Reproduce exactly, and solely, the lines running from the top of the data below through the line with "त्यसैगरी, साना सवारीसाधन", both inclusive. Omit pictures.

● **EXTRACTED INFORMATION**:
== Segment start ==
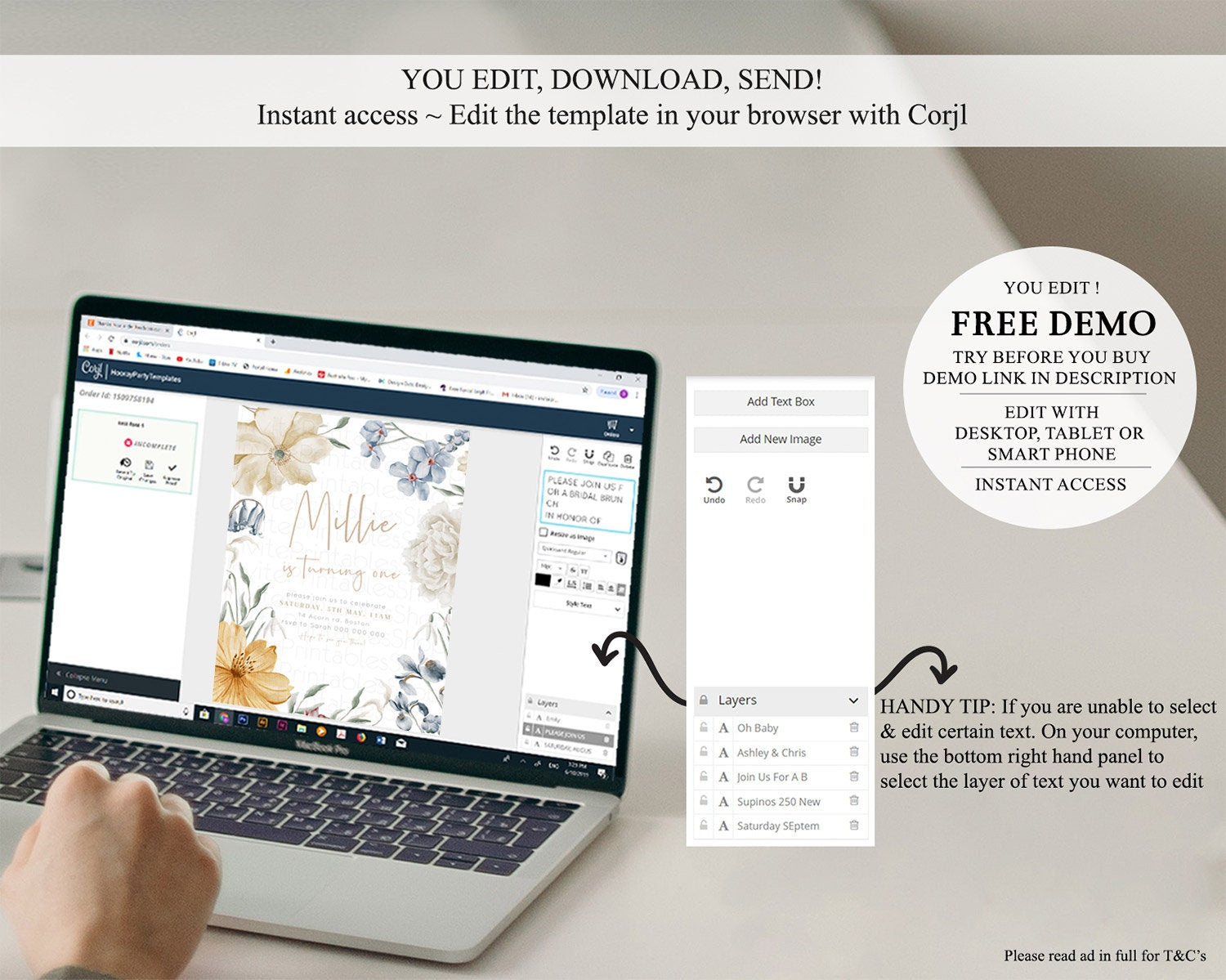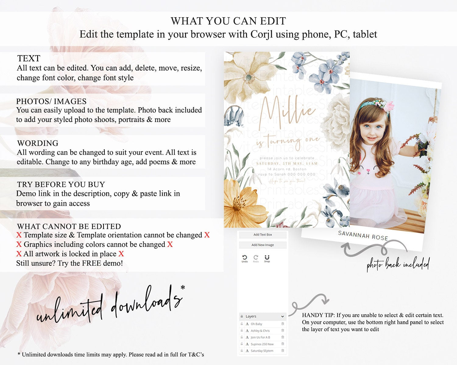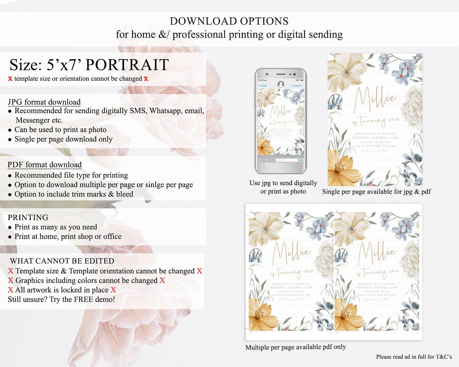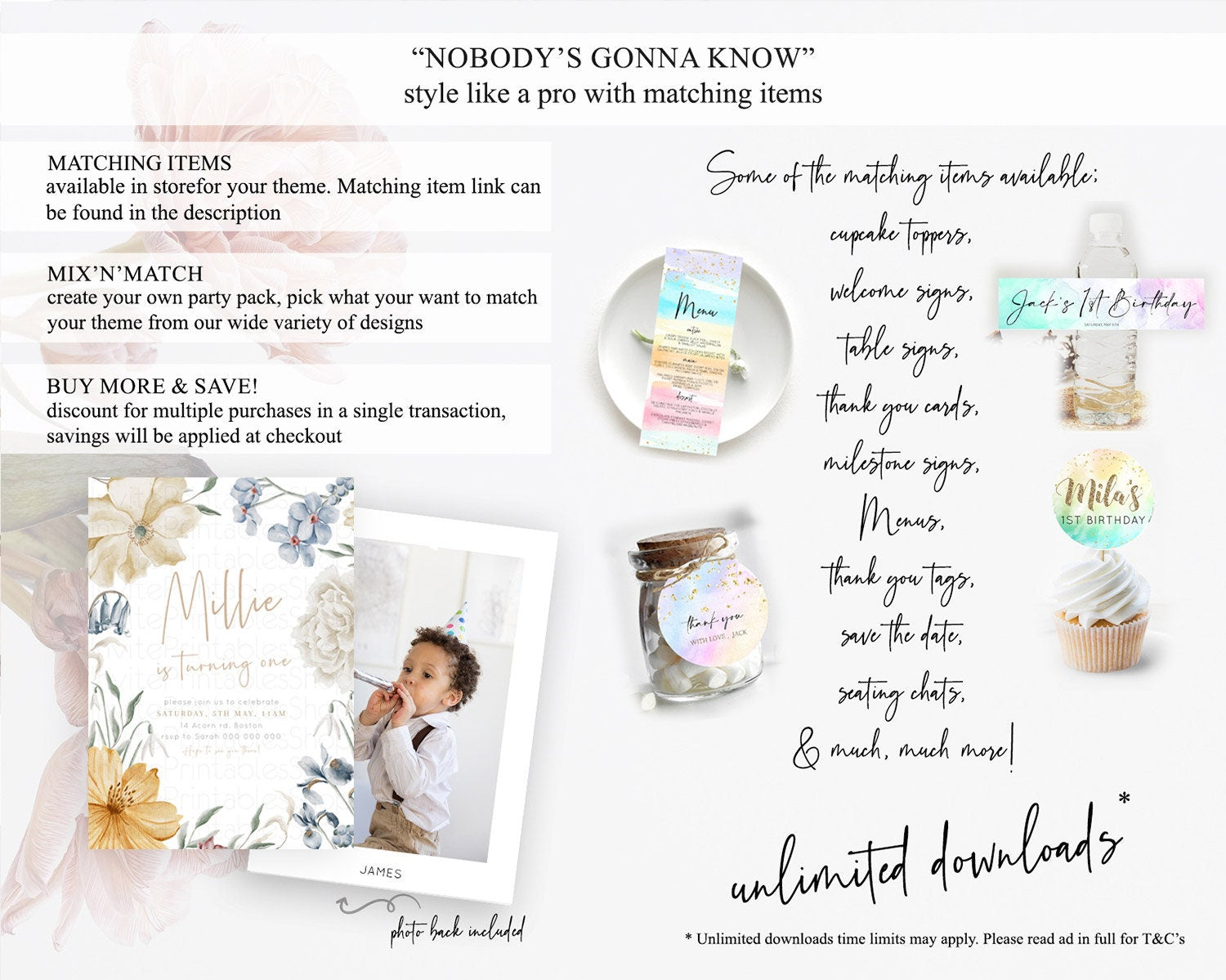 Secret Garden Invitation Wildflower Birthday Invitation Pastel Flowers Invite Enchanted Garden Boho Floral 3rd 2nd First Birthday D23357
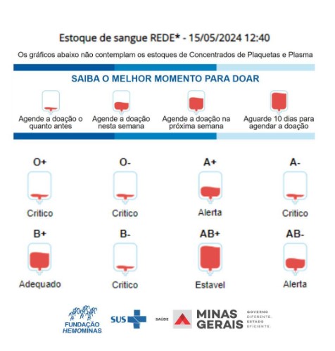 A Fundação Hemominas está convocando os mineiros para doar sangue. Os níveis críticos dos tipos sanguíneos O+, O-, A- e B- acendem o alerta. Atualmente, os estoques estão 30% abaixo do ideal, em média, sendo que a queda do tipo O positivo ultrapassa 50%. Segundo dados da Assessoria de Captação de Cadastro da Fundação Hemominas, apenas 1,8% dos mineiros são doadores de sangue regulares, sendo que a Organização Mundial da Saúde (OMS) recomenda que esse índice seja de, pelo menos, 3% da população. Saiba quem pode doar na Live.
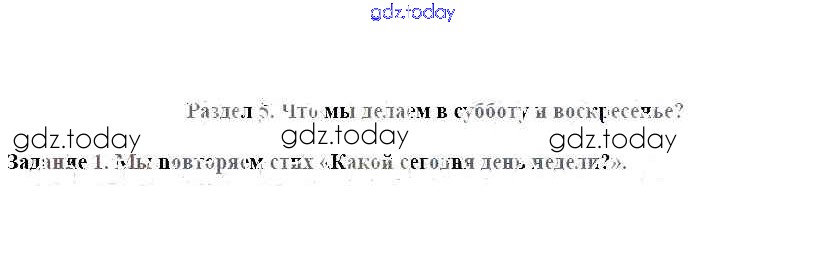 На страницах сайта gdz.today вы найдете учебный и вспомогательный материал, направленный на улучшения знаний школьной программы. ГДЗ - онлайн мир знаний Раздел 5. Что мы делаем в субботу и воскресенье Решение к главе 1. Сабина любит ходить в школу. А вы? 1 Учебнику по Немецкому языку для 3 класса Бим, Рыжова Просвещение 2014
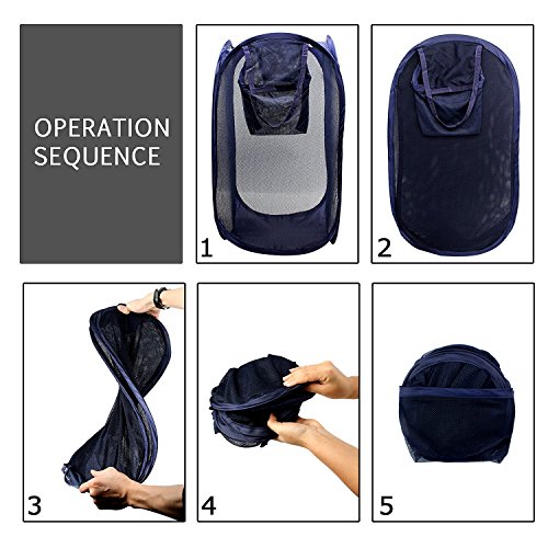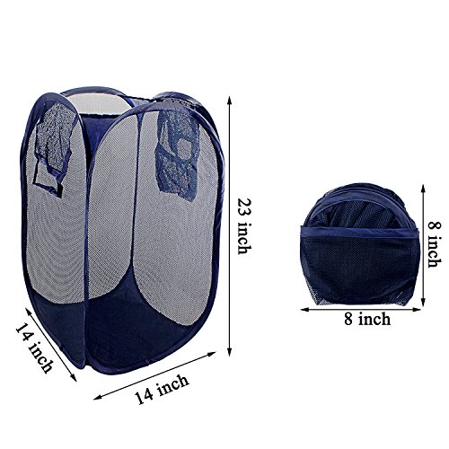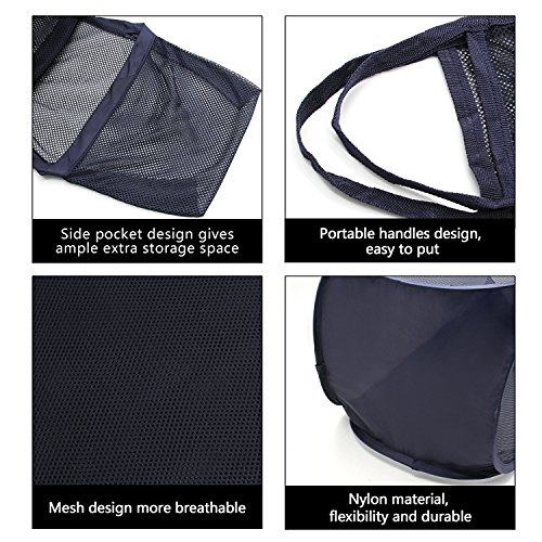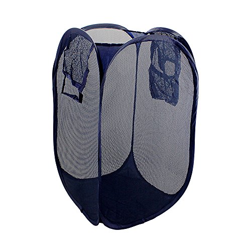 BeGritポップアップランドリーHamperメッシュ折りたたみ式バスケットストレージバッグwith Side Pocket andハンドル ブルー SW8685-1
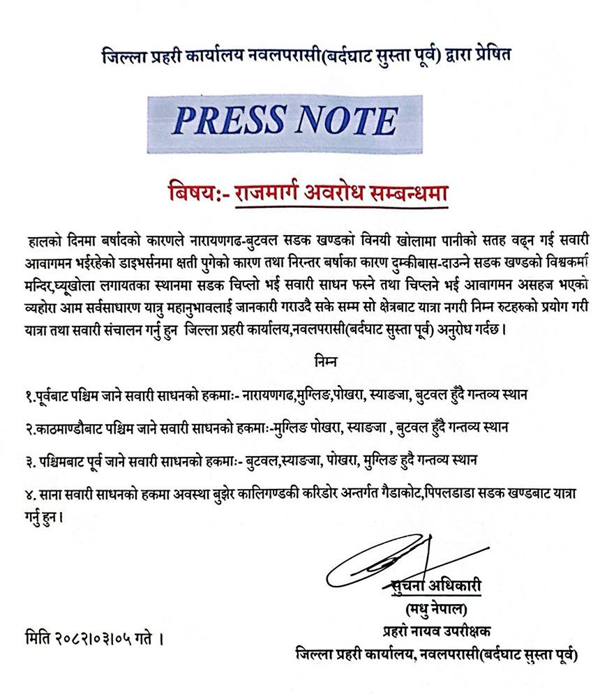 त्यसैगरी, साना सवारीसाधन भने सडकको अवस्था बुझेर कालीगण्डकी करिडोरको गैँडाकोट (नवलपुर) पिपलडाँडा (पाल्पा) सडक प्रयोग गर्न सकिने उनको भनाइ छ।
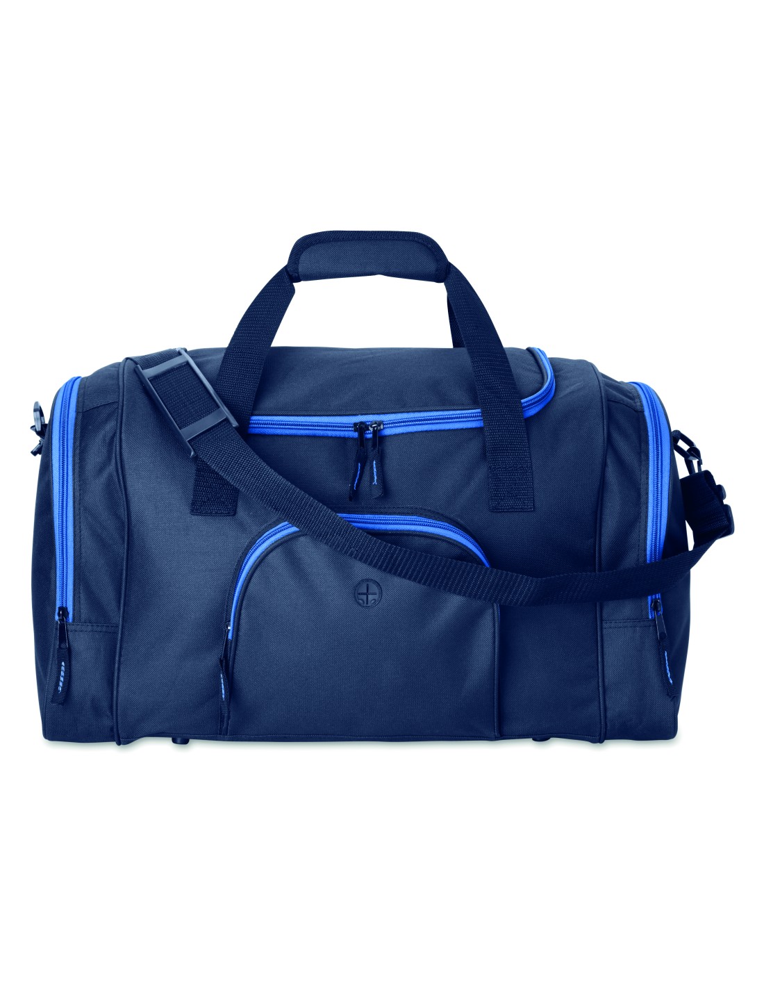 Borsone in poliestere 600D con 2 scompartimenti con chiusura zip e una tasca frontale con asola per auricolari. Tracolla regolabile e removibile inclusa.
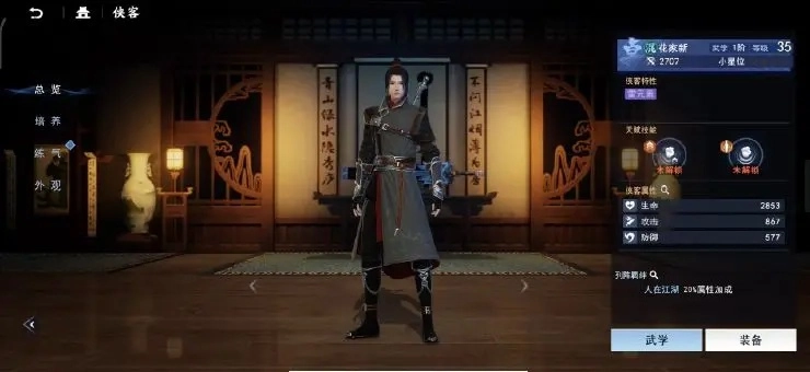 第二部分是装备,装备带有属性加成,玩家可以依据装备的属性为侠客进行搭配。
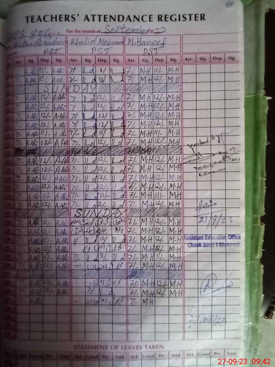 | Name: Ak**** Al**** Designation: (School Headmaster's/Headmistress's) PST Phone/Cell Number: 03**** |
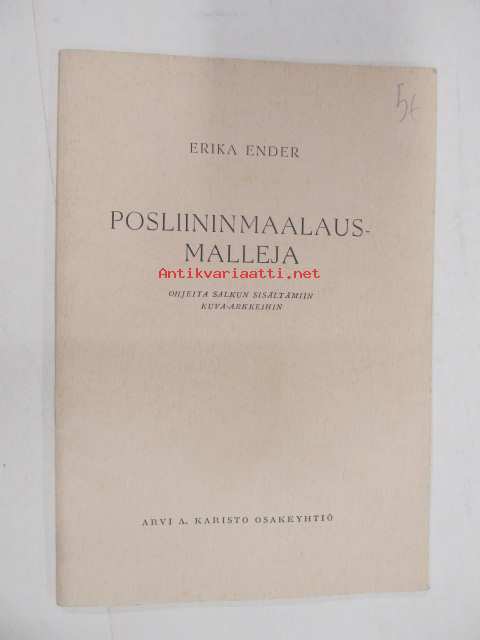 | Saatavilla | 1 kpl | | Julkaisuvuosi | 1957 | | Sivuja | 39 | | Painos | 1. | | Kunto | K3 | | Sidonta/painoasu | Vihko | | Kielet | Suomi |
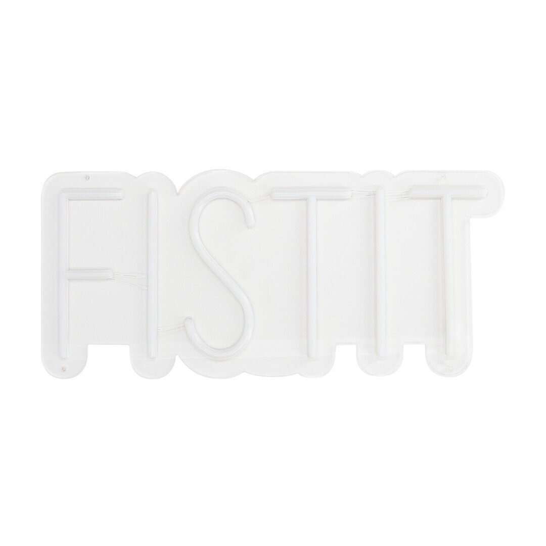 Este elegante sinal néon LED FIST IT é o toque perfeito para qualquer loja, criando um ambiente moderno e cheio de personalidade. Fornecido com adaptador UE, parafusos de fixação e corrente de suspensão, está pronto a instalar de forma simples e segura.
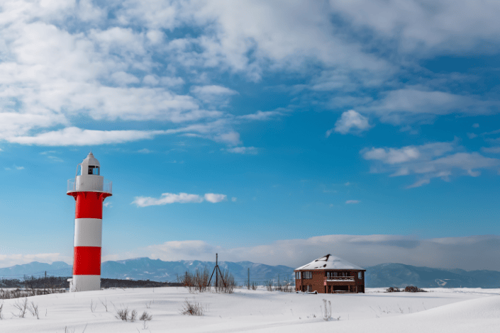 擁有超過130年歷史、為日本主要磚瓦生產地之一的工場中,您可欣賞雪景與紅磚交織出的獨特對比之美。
== Segment end ==
● **OUTPUT BELOW**:
 Secret Garden Invitation Wildflower Birthday Invitation Pastel Flowers Invite Enchanted Garden Boho Floral 3rd 2nd First Birthday D23357
 A Fundação Hemominas está convocando os mineiros para doar sangue. Os níveis críticos dos tipos sanguíneos O+, O-, A- e B- acendem o alerta. Atualmente, os estoques estão 30% abaixo do ideal, em média, sendo que a queda do tipo O positivo ultrapassa 50%. Segundo dados da Assessoria de Captação de Cadastro da Fundação Hemominas, apenas 1,8% dos mineiros são doadores de sangue regulares, sendo que a Organização Mundial da Saúde (OMS) recomenda que esse índice seja de, pelo menos, 3% da população. Saiba quem pode doar na Live.
 На страницах сайта gdz.today вы найдете учебный и вспомогательный материал, направленный на улучшения знаний школьной программы. ГДЗ - онлайн мир знаний Раздел 5. Что мы делаем в субботу и воскресенье Решение к главе 1. Сабина любит ходить в школу. А вы? 1 Учебнику по Немецкому языку для 3 класса Бим, Рыжова Просвещение 2014
 BeGritポップアップランドリーHamperメッシュ折りたたみ式バスケットストレージバッグwith Side Pocket andハンドル ブルー SW8685-1
 त्यसैगरी, साना सवारीसाधन भने सडकको अवस्था बुझेर कालीगण्डकी करिडोरको गैँडाकोट (नवलपुर) पिपलडाँडा (पाल्पा) सडक प्रयोग गर्न सकिने उनको भनाइ छ।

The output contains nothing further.